## STORED DATA
>>
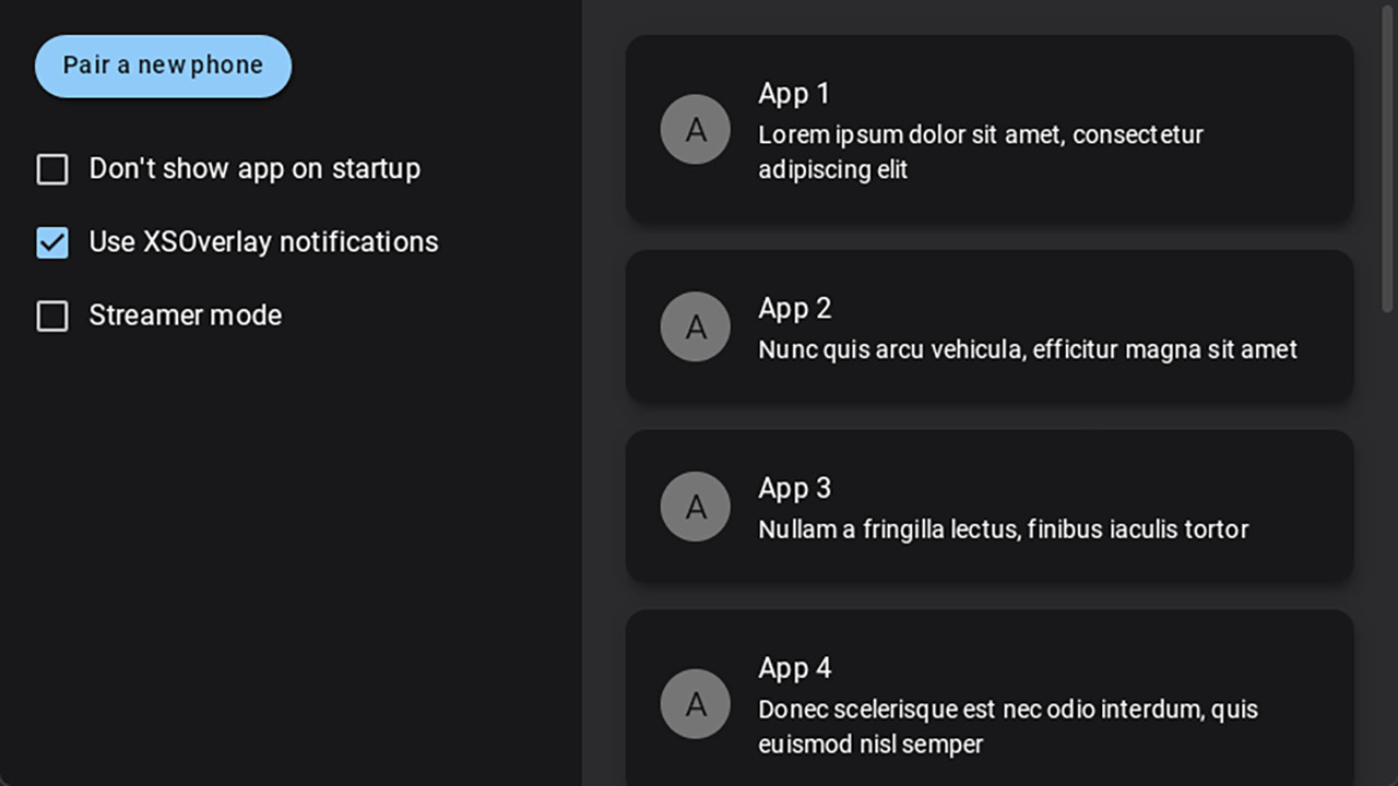 NotiVR for Android™ allows you to wirelessly sync your Android phone's notifications to your SteamVR compatible headset.Using NotiVR you can see a live feed of notifications from your Android and reply to messages without removing your headset (reply function requires compatible phone and support may vary per app)Setup is simple, just download the NotiVR Android app and scan the pairing code. Your phone will automatically send any notifications to SteamVR. Plus you can check your notification history at any time without taking your headset off using our custom SteamVR dashboard overlay.Features. Seamless notification mirroring from your Android device Reply to texts from most messaging apps without removing your VR headset (Android 7.0+ required, apps that support inline replies are supported) Supports XSOverlay notifications (Requries purchase of XSOverlay) Quick and easy setup process Desktop control panel with notification history and pairing controls See your notification history in SteamVR Далее
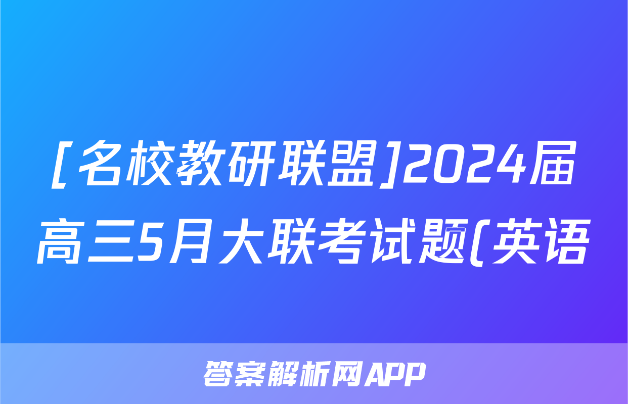[名校教研联盟]2024届高三5月大联考试题(英语)正在持续更新,目前2026卷行天下答案网为大家整理了相关试题及答案,供大家查缺补漏,高效提升成绩。
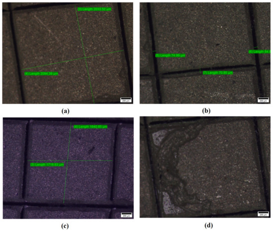The fabricated electrode has been characterized for checking pattern accuracy of Electrode profile using Olympus BX51 optical microscope (OPM) as shown in Figure 8. The smooth edges with 0.5 mm of thickness have been observed in the pattern. The surface morphology and accuracy can alter the performance measures of any system and product. It can be analyzed using OPM [24,25]. However, many scratch marks on substrate could have been observed owing to the handing issues from different stage of development. These marks can be eliminated with careful handling.
<<
## TASK ITEM
Except for the pictures, copy the material above exactly.

## ANSWER SPACE
 NotiVR for Android™ allows you to wirelessly sync your Android phone's notifications to your SteamVR compatible headset.Using NotiVR you can see a live feed of notifications from your Android and reply to messages without removing your headset (reply function requires compatible phone and support may vary per app)Setup is simple, just download the NotiVR Android app and scan the pairing code. Your phone will automatically send any notifications to SteamVR. Plus you can check your notification history at any time without taking your headset off using our custom SteamVR dashboard overlay.Features. Seamless notification mirroring from your Android device Reply to texts from most messaging apps without removing your VR headset (Android 7.0+ required, apps that support inline replies are supported) Supports XSOverlay notifications (Requries purchase of XSOverlay) Quick and easy setup process Desktop control panel with notification history and pairing controls See your notification history in SteamVR Далее
[名校教研联盟]2024届高三5月大联考试题(英语)正在持续更新,目前2026卷行天下答案网为大家整理了相关试题及答案,供大家查缺补漏,高效提升成绩。
The fabricated electrode has been characterized for checking pattern accuracy of Electrode profile using Olympus BX51 optical microscope (OPM) as shown in Figure 8. The smooth edges with 0.5 mm of thickness have been observed in the pattern. The surface morphology and accuracy can alter the performance measures of any system and product. It can be analyzed using OPM [24,25]. However, many scratch marks on substrate could have been observed owing to the handing issues from different stage of development. These marks can be eliminated with careful handling.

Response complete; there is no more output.